PIMS is about the leadership of Arvind Gupta first as PIMS Deputy director and now as leader of the MITACS network. It is about the diligent work of Alan Macworth on the MITACS research management committee, about Leah Keshet, Uli Haussmann, Brian Wetton, Ruben Zamar, Raymond Ng, Marty Puterman, Binay Battacharya, Mike Kouritzin, Michael Lamoureux and Richard Cleve who are aptly leading their challenging MITACS team projects.

PIMS tells us a bit more about our universities and their leaders like Dick Peter and Barry McBride who gave senior administrators a good name and whose example we are determined to follow. Dick: Let me tell you here and in public. The U of A has not been the same since you stepped down from the Deanship there. And Barry, let me tell you here and in public. We are dreading the moment you will be leaving us because UBC will never be the same without your leadership.

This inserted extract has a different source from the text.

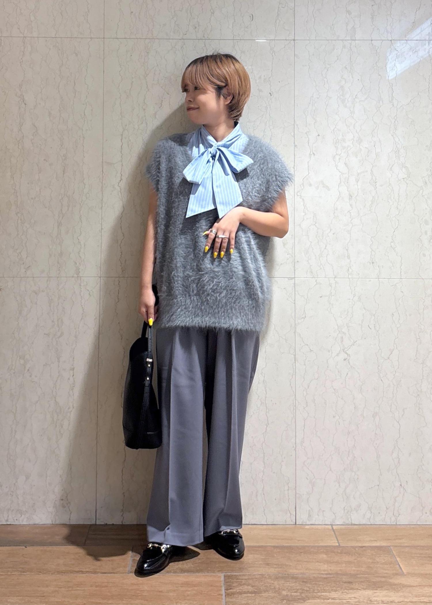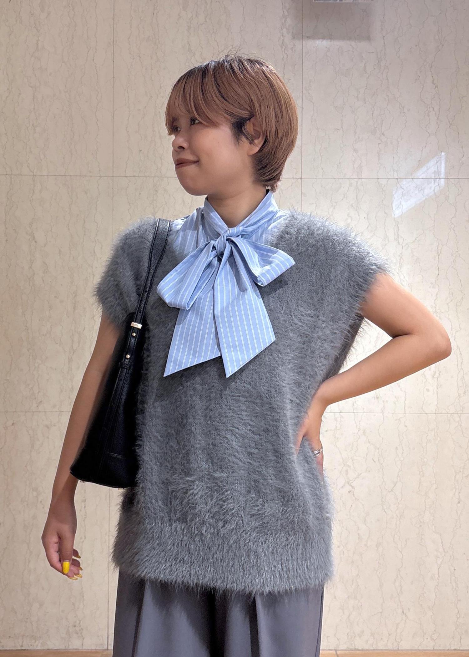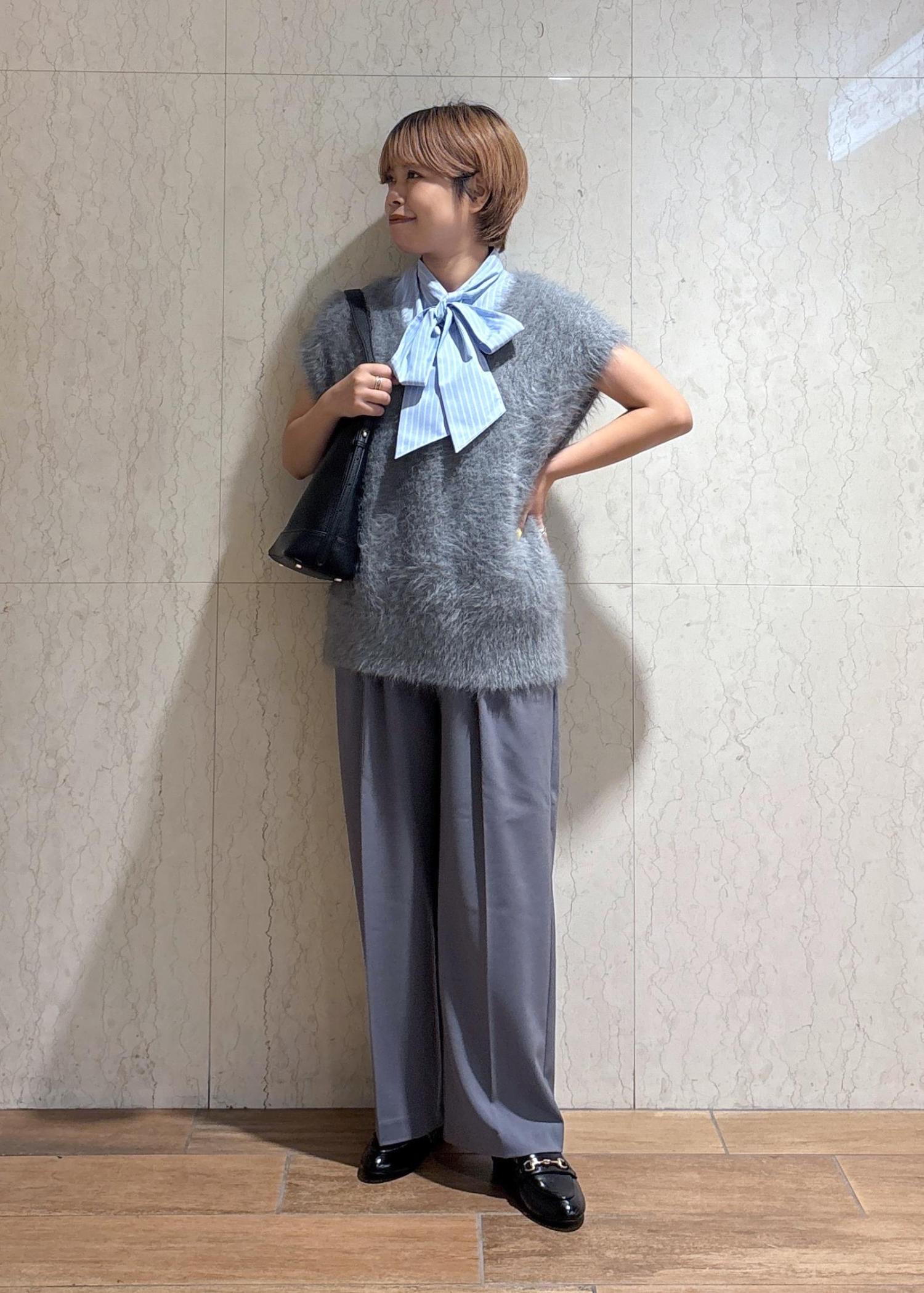 また、リボンのブラウスを着たことで、女性らしさをプラスしてみました。

Let me conclude with a special tribute to 3 very special human beings who’ve had a tremendous impact on my own professional and personal life: Ed Perkins, Arvind Gupta, and Bob Moody. Now without treasures like this, neither PIMS, nor MITACS nor BIRS would have ever become the great institutions they are today. Leadership, Commitment, Integrity and above all Generosity. They gave their time and they gave their best. They gave me friendship and comfort. I couldn’t have asked for a better deal from the providence.

Let me also say that the last 7 years should be remembered as a period where the community learned to look outward with confidence, to put forward bold visions and to lead. But allow me to give our young generation a healthy dose of paranoia. The hard earned gains of the last few years need to be protected. So, we need you, all of you, young colleagues to be vigilant, to step forward to positions of leadership, to stop those tempted to turn back the clock, and to keep the dream alive for our discipline, and for Canada’s future.

Thank you all. My life has been greatly enriched by your presence and by your friendships.